ApplicationMaster host: N/A
ApplicationMaster RPC port: -1
queue: default
start time: 1528923627110
final status: FAILED
tracking URL: http://myhost2.myfirm.com:8088/cluster/app/application_1528901858967_0019
user: myuser
18/06/13 16:00:39 INFO Client: Deleted staging directory hdfs://myhost.myfirm.com:8020/user/myuser/.sparkStaging/application_1528901858967_0019
Exception in thread "main" org.apache.spark.SparkException: Application application_1528901858967_0019 finished with failed status
at org.apache.spark.deploy.yarn.Client.run(Client.scala:1187)
at org.apache.spark.deploy.yarn.Client$.main(Client.scala:1233)
at org.apache.spark.deploy.yarn.Client.main(Client.scala)
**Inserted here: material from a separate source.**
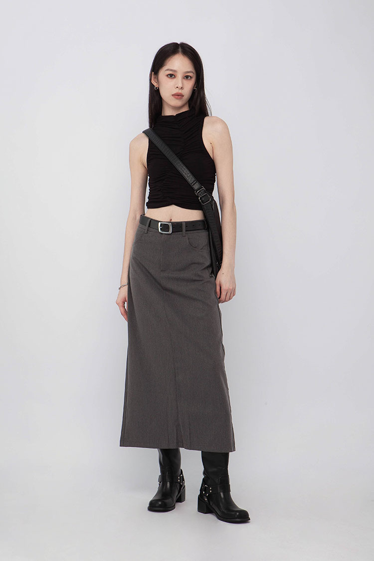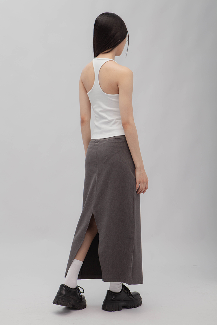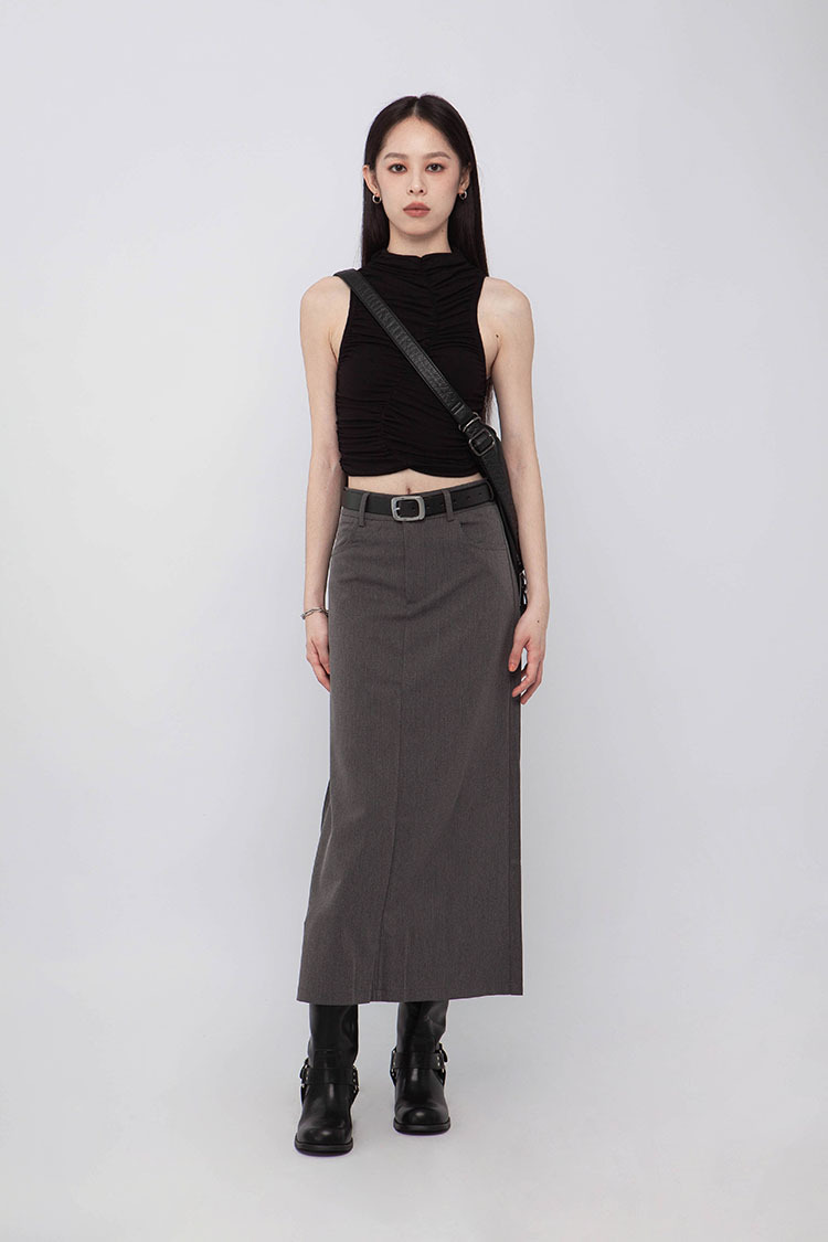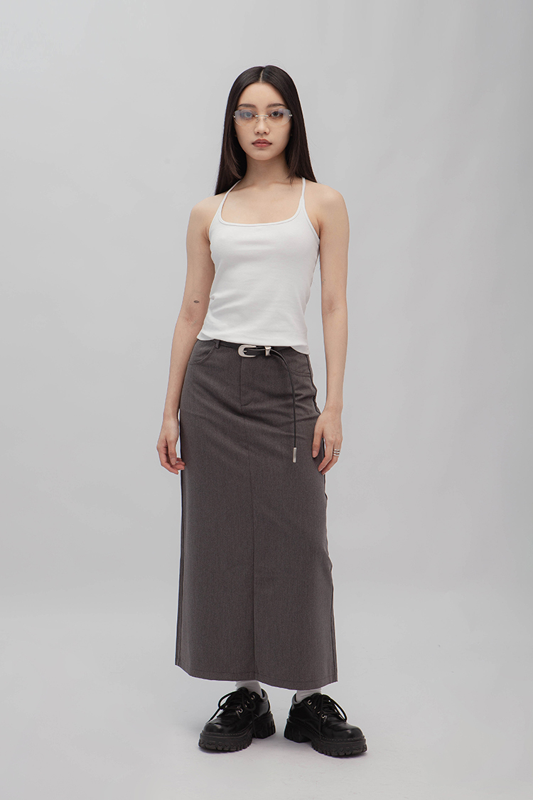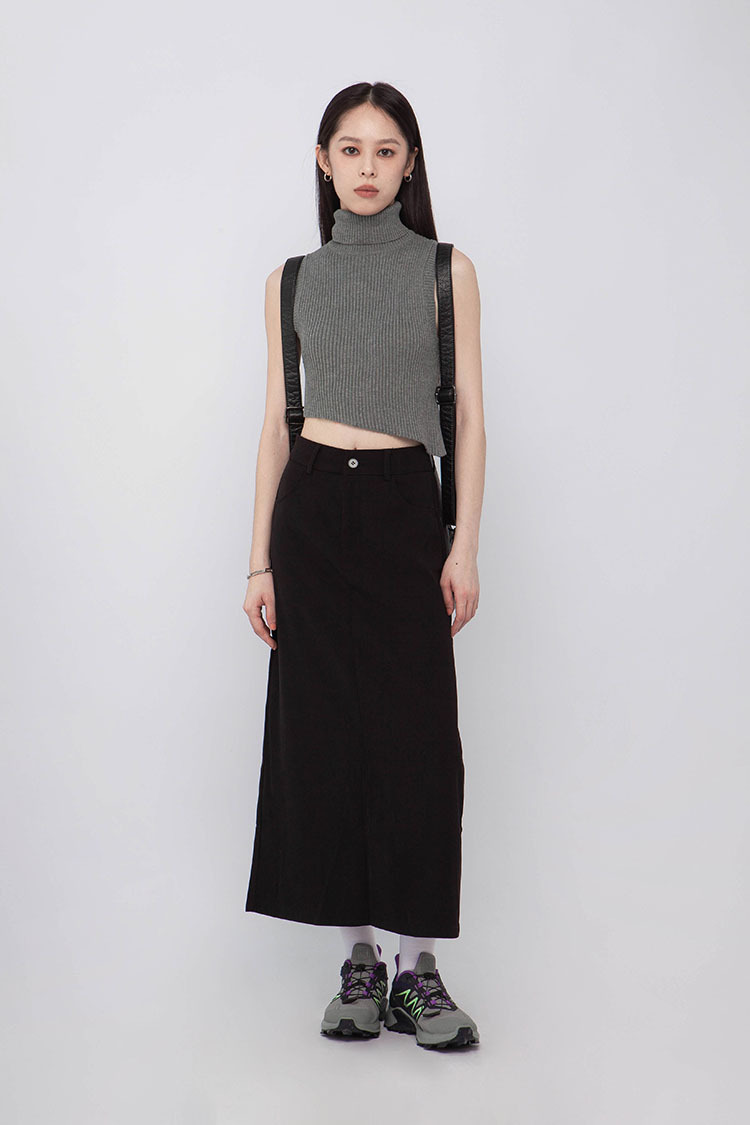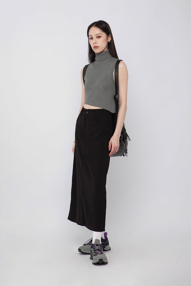高腰,正面兩個口袋,鈕釦拉鍊閉合,皮帶環,修飾身形的輪廓,硬挺材質斜紋布料,微彈性,中長款,後面下擺A字開衩,便於行走,不論正式場合或是休閒感的假日穿搭,皆能輕鬆駕馭。

at sun.reflect.NativeMethodAccessorImpl.invoke0(Native Method)
at sun.reflect.NativeMethodAccessorImpl.invoke(NativeMethodAccessorImpl.java:62)
at sun.reflect.DelegatingMethodAccessorImpl.invoke(DelegatingMethodAccessorImpl.java:43)
at java.lang.reflect.Method.invoke(Method.java:498)
at org.apache.spark.deploy.SparkSubmit$.org$apache$spark$deploy$SparkSubmit$$runMain(SparkSubmit.scala:782)
at org.apache.spark.deploy.SparkSubmit$.doRunMain$1(SparkSubmit.scala:180)
at org.apache.spark.deploy.SparkSubmit$.submit(SparkSubmit.scala:205)
at org.apache.spark.deploy.SparkSubmit$.main(SparkSubmit.scala:119)
at org.apache.spark.deploy.SparkSubmit.main(SparkSubmit.scala)
18/06/13 16:00:39 INFO ShutdownHookManager: Shutdown hook called
18/06/13 16:00:39 INFO ShutdownHookManager: Deleting directory /tmp/spark-6c26ae3b-7248-488f-bc33-9766251474bb
Has anyone seen this before?
Created 06-13-2018 04:42 PM
Sharing yarn application logs could help us review this issue. At least share the full error stack and let us know from which log you are getting it from. Lastly if you run on yarn-client mode do you still see this error?
Created 06-13-2018 09:26 PM
I've added some logs. client mode produces the same error as cluster mode.